WHAT IS BEING ASKED -
From the data below, return the exact lines starting at the line containing "贺铭以《深入贯彻中央八项规定" and ending at the line containing "Urban Trends Ceramic", both included, and nothing else.

EXTRACTED MATERIAL -
· · ·

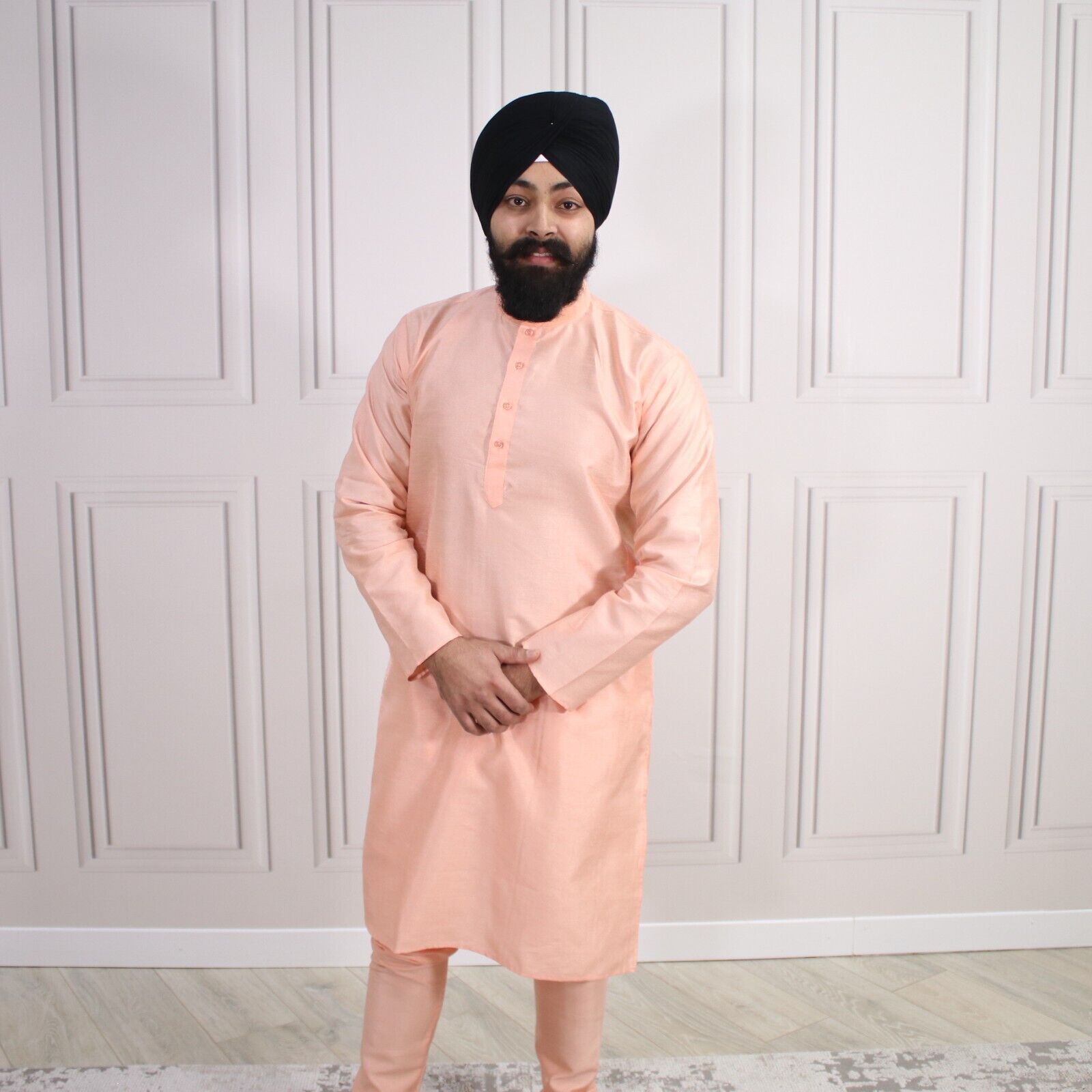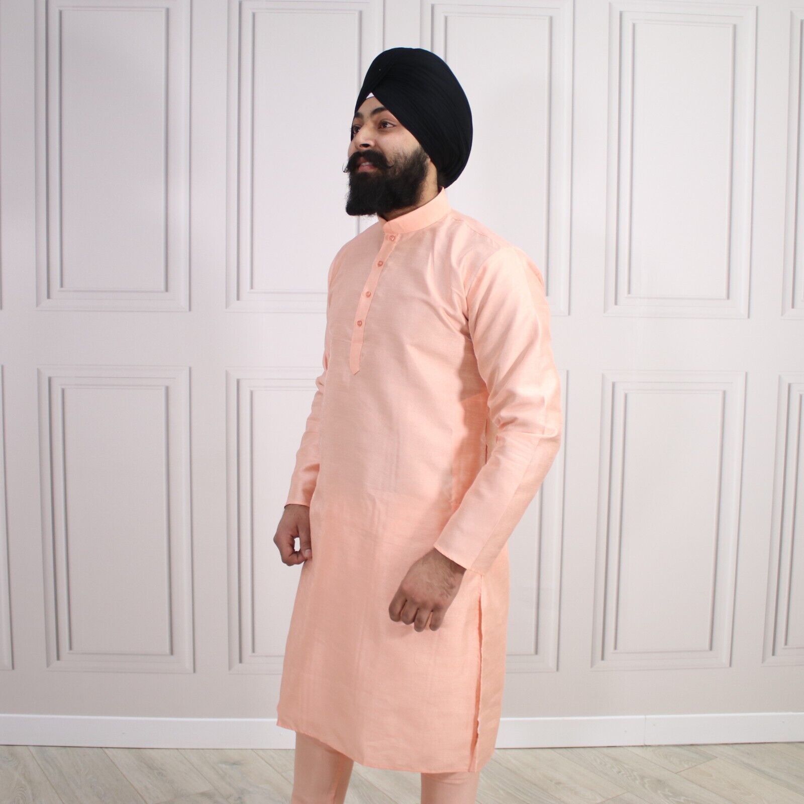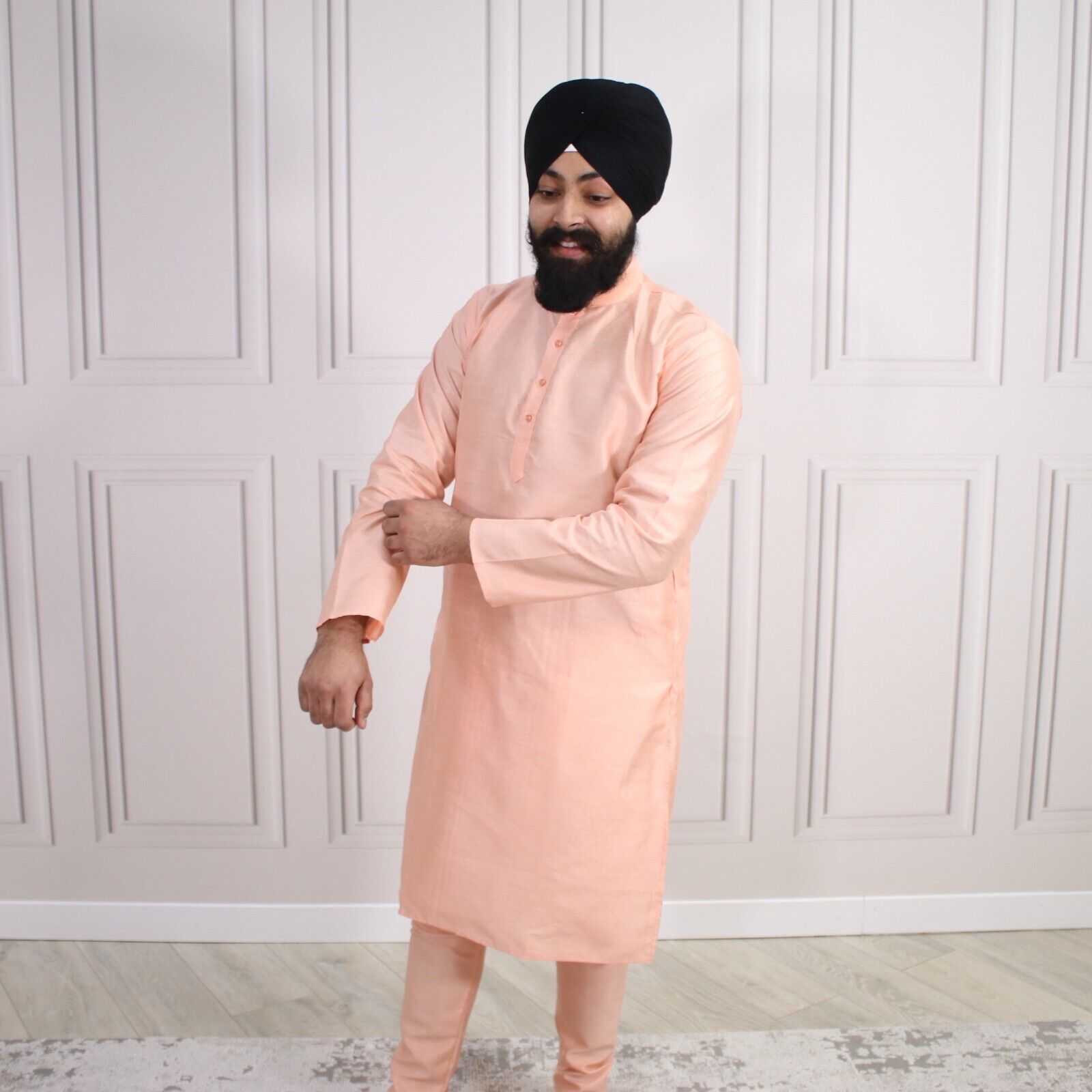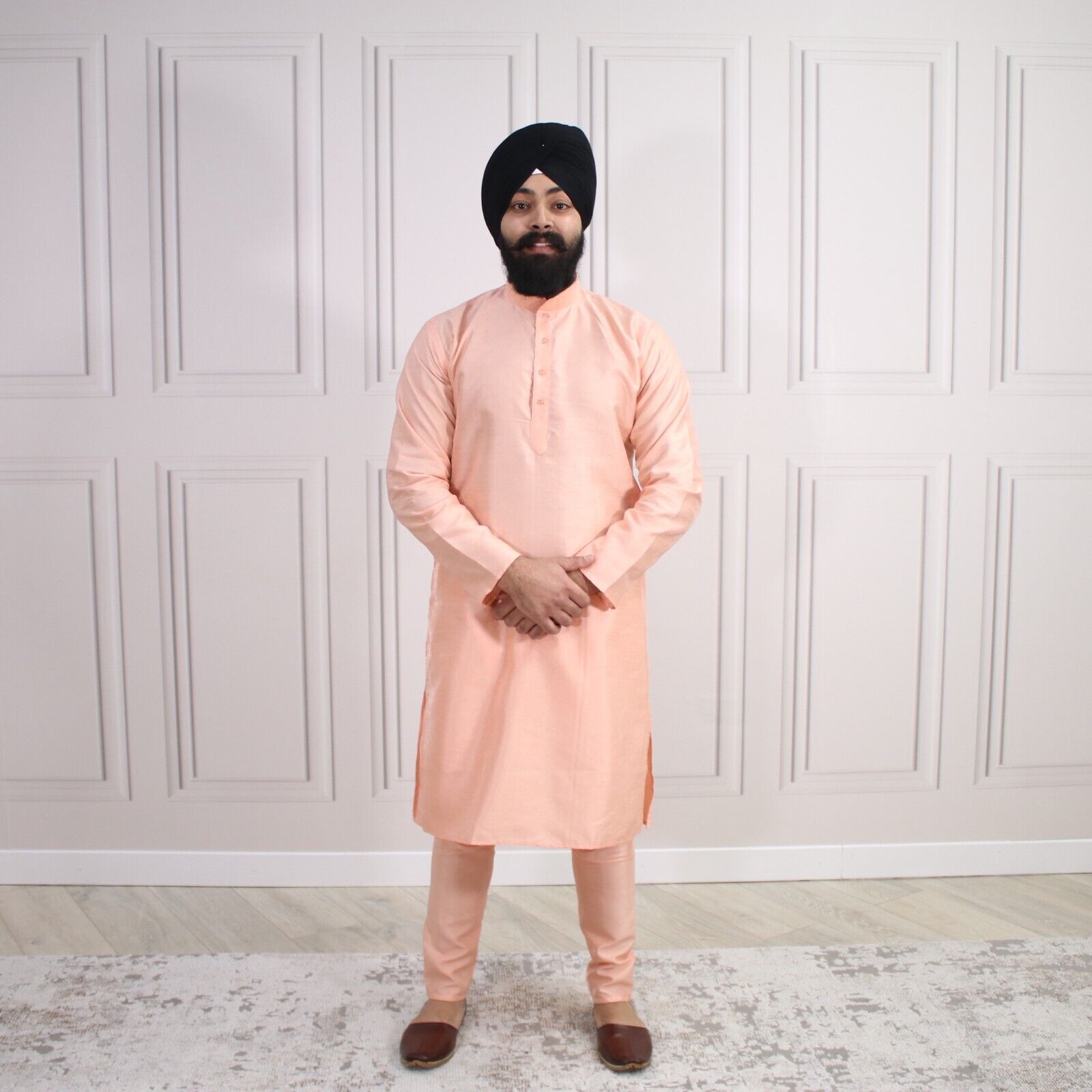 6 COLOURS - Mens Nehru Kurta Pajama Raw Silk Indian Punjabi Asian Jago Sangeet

· · ·

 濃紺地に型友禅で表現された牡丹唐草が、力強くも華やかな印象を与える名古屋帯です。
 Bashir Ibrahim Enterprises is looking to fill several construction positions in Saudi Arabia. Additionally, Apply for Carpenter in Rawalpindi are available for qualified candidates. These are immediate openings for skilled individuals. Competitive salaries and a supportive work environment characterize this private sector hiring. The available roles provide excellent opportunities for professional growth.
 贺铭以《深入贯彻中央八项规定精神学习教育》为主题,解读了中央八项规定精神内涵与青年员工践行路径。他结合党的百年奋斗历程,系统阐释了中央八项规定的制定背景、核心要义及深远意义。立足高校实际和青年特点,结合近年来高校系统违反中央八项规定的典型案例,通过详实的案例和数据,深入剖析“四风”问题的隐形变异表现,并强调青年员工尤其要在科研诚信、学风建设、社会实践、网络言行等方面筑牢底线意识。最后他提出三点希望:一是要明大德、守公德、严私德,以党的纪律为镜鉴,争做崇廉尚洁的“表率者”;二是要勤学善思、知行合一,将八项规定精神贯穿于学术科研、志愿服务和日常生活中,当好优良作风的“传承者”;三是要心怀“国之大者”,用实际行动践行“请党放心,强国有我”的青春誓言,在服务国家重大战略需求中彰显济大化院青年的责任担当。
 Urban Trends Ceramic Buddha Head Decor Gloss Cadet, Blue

· · ·

RESULT -
 贺铭以《深入贯彻中央八项规定精神学习教育》为主题,解读了中央八项规定精神内涵与青年员工践行路径。他结合党的百年奋斗历程,系统阐释了中央八项规定的制定背景、核心要义及深远意义。立足高校实际和青年特点,结合近年来高校系统违反中央八项规定的典型案例,通过详实的案例和数据,深入剖析“四风”问题的隐形变异表现,并强调青年员工尤其要在科研诚信、学风建设、社会实践、网络言行等方面筑牢底线意识。最后他提出三点希望:一是要明大德、守公德、严私德,以党的纪律为镜鉴,争做崇廉尚洁的“表率者”;二是要勤学善思、知行合一,将八项规定精神贯穿于学术科研、志愿服务和日常生活中,当好优良作风的“传承者”;三是要心怀“国之大者”,用实际行动践行“请党放心,强国有我”的青春誓言,在服务国家重大战略需求中彰显济大化院青年的责任担当。
 Urban Trends Ceramic Buddha Head Decor Gloss Cadet, Blue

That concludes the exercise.